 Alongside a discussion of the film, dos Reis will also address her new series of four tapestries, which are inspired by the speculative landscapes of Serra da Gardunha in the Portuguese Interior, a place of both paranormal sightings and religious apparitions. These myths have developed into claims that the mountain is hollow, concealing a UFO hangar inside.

== == ==

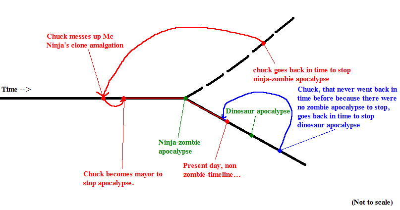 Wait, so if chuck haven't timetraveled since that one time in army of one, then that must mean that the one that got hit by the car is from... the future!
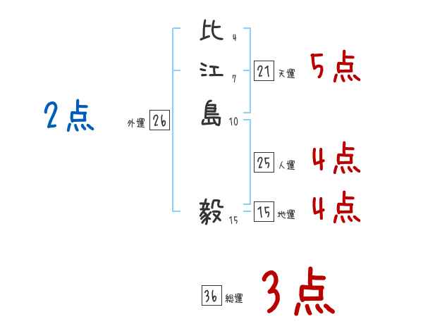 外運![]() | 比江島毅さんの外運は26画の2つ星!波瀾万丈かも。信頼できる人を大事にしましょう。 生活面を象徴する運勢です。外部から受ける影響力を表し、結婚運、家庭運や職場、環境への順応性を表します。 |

== == ==

Task description: Beginning at the line above that contains "Wait, so if", repeat each line exactly through the one that contains "外運![]() | 比江島毅さんの外運は26画の2つ星!波瀾万丈かも。信頼できる人を大事にしましょう。", and leave out the pictures.

Answer for this exercise:
 Wait, so if chuck haven't timetraveled since that one time in army of one, then that must mean that the one that got hit by the car is from... the future!
 外運![]() | 比江島毅さんの外運は26画の2つ星!波瀾万丈かも。信頼できる人を大事にしましょう。 生活面を象徴する運勢です。外部から受ける影響力を表し、結婚運、家庭運や職場、環境への順応性を表します。 |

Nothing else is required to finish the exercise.